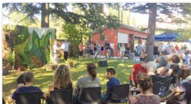
Spettacoli teatrali e risate con Claudio Cappozzo
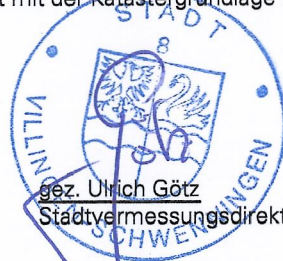
gez. Ulrich Götz Stadtvermessungsdirektor
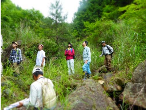
小戸名地区の沢抜け箇所の視察状況（根羽村）
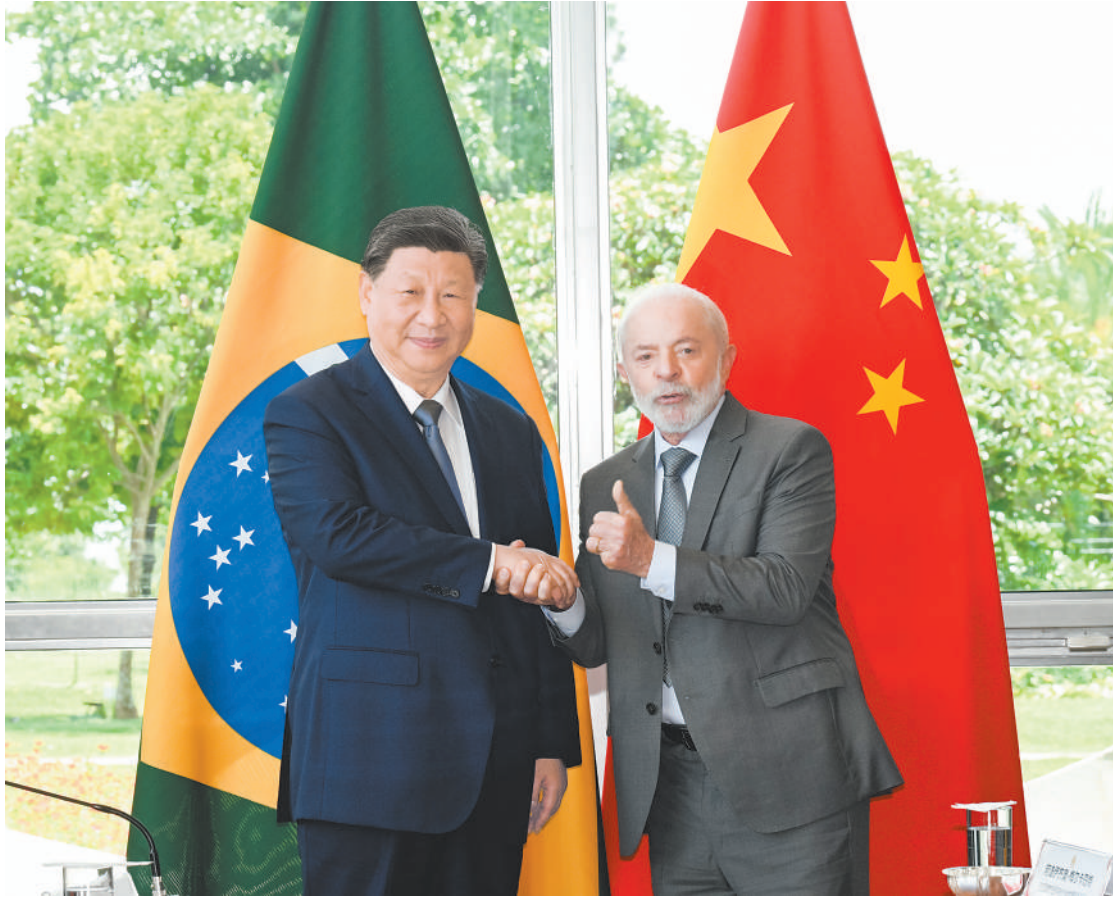
当地时间11月20日上午，国家主席习近平在巴西利亚总统官邸黎明宫同巴西总统卢拉举行会谈。
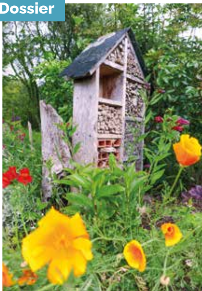
▲ Aux jardins familiaux de Pen Carn, un hôtel à insectes permet d'agir sur la conservation de la biodiversité tout en disposant d'un outil de sensibilisation
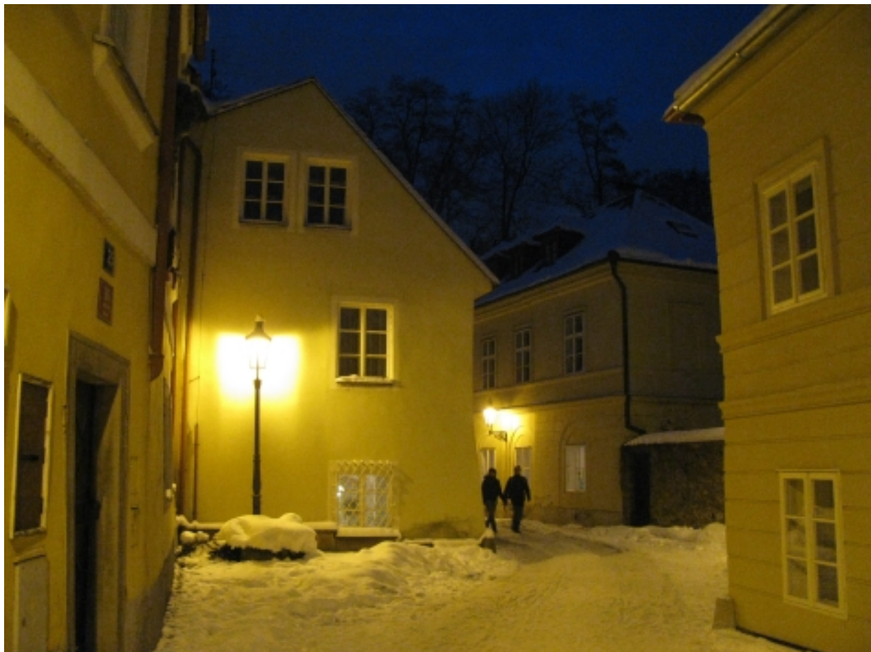
NOVOSVĚTSKÁ ZIMNÍ SYMFONIE

Zjistil jsem, že nejen cestování do Itálie má svoji poezii, ale i cestování z Itálie má své kouzlo. Při zpáteční cestě nám ve Florencii nejprve nechtěli vzít kufr, protože je příliš těžký. Přesunuli jsme tedy něco do lehčího kufru, který nedosahoval patřičné váhy. Když jsme si dali poslední cappuccino, tak přísná paní nám před vstupem nedovolila jít s příručním kufříkem do letadla, že je příliš těžký a že malířský stojan by mohl být zbrání. Nechali jsme tedy zabalit malířský stojan s
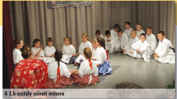
A 2.b osztály szüreti műsora
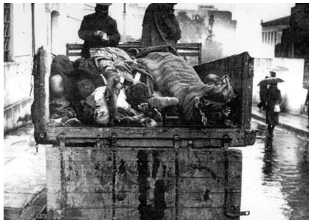
Атина, Национални историјски музеј (Istoria, том 16, стр. 59)

Готово потпуна несташница хране, посебно у Атини и другим великим градовима, довела је до тога да огромна већина становништва буде драматично неухрањена и да сваког дана мноштво људи умре од глади.
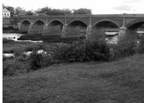
Arkinis tiltas per Ventą Kuldygoje
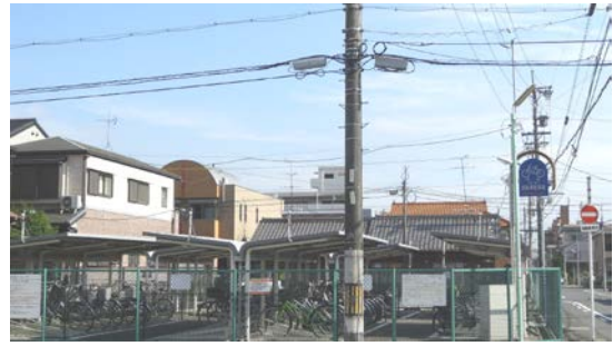
遠い南駐車場(定期専用)はがらがら
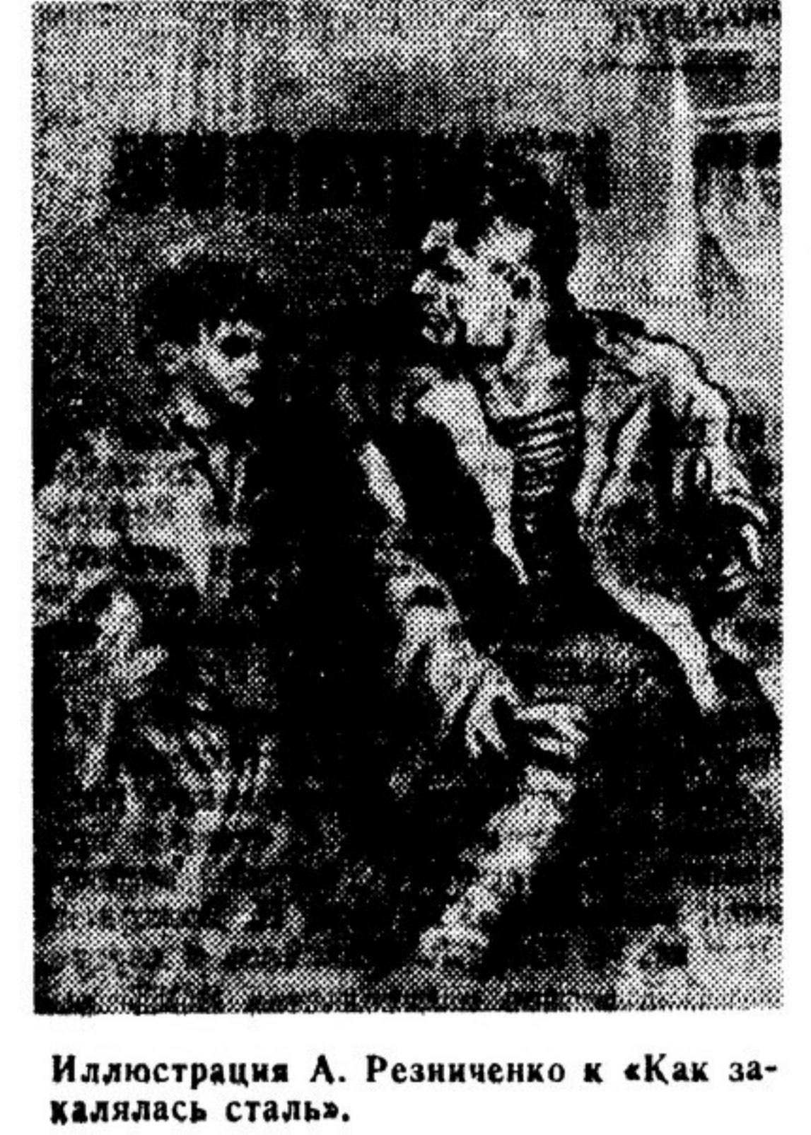
Иллюстрация А. Резниченко к «Как закалялась сталь».
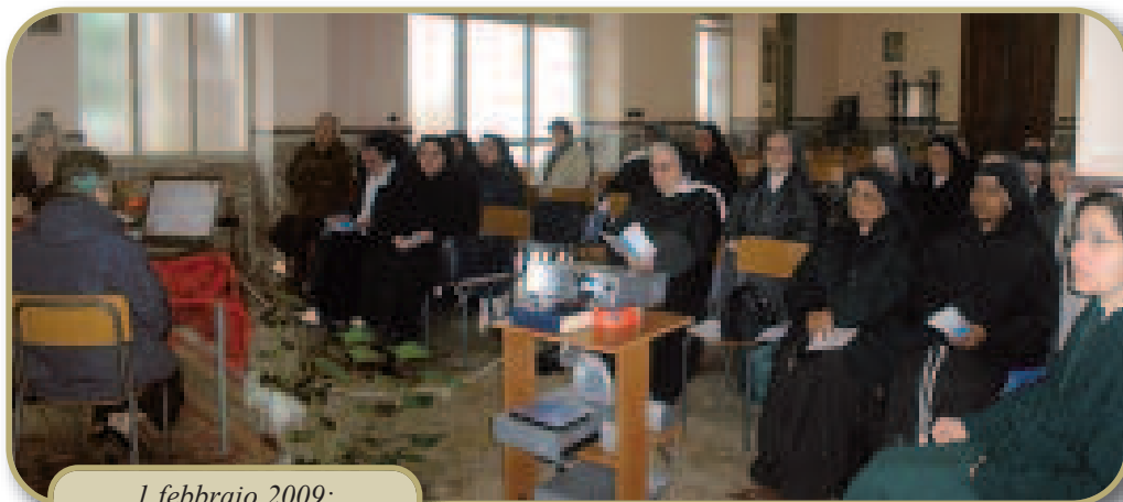
1 febbraio 2009: Giornata Diocesana della Vita Consacrata.

All'inizio della Quaresima è giunta, poi, in Santuario una copia della S. Croce che il Papa Giovanni Paolo II ha voluto fosse realizzata per le
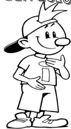
“Stel je voor”

De vakantie-bijbel-spelweek! Het komt in zicht! Met behulp van de beide kerken is het ons toch weer gelukt om deze week te organiseren. Zoals bekend vindt de vakantie-bijbel-spelweek de laatste week van de zomervakantie plaats. Dit jaar is dit van dinsdag 10 augustus tot en met vrijdag 13 augustus. Zoals je hiernaast kunt zien is het thema dit jaar “STEL JE VOOR” .
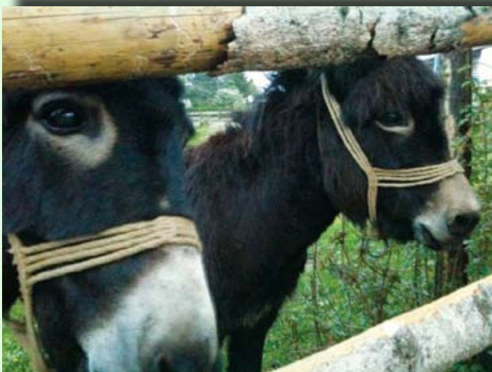
Magarčići u Podrvnju

====

Would you write out an exact copy of the entries above, with no images?

◆ TASK ANSWER
Spettacoli teatrali e risate con Claudio Cappozzo
gez. Ulrich Götz Stadtvermessungsdirektor
小戸名地区の沢抜け箇所の視察状況（根羽村）
当地时间11月20日上午，国家主席习近平在巴西利亚总统官邸黎明宫同巴西总统卢拉举行会谈。
▲ Aux jardins familiaux de Pen Carn, un hôtel à insectes permet d'agir sur la conservation de la biodiversité tout en disposant d'un outil de sensibilisation
NOVOSVĚTSKÁ ZIMNÍ SYMFONIE

Zjistil jsem, že nejen cestování do Itálie má svoji poezii, ale i cestování z Itálie má své kouzlo. Při zpáteční cestě nám ve Florencii nejprve nechtěli vzít kufr, protože je příliš těžký. Přesunuli jsme tedy něco do lehčího kufru, který nedosahoval patřičné váhy. Když jsme si dali poslední cappuccino, tak přísná paní nám před vstupem nedovolila jít s příručním kufříkem do letadla, že je příliš těžký a že malířský stojan by mohl být zbrání. Nechali jsme tedy zabalit malířský stojan s
A 2.b osztály szüreti műsora
Атина, Национални историјски музеј (Istoria, том 16, стр. 59)

Готово потпуна несташница хране, посебно у Атини и другим великим градовима, довела је до тога да огромна већина становништва буде драматично неухрањена и да сваког дана мноштво људи умре од глади.
Arkinis tiltas per Ventą Kuldygoje
遠い南駐車場(定期専用)はがらがら
Иллюстрация А. Резниченко к «Как закалялась сталь».
1 febbraio 2009: Giornata Diocesana della Vita Consacrata.

All'inizio della Quaresima è giunta, poi, in Santuario una copia della S. Croce che il Papa Giovanni Paolo II ha voluto fosse realizzata per le
“Stel je voor”

De vakantie-bijbel-spelweek! Het komt in zicht! Met behulp van de beide kerken is het ons toch weer gelukt om deze week te organiseren. Zoals bekend vindt de vakantie-bijbel-spelweek de laatste week van de zomervakantie plaats. Dit jaar is dit van dinsdag 10 augustus tot en met vrijdag 13 augustus. Zoals je hiernaast kunt zien is het thema dit jaar “STEL JE VOOR” .
Magarčići u Podrvnju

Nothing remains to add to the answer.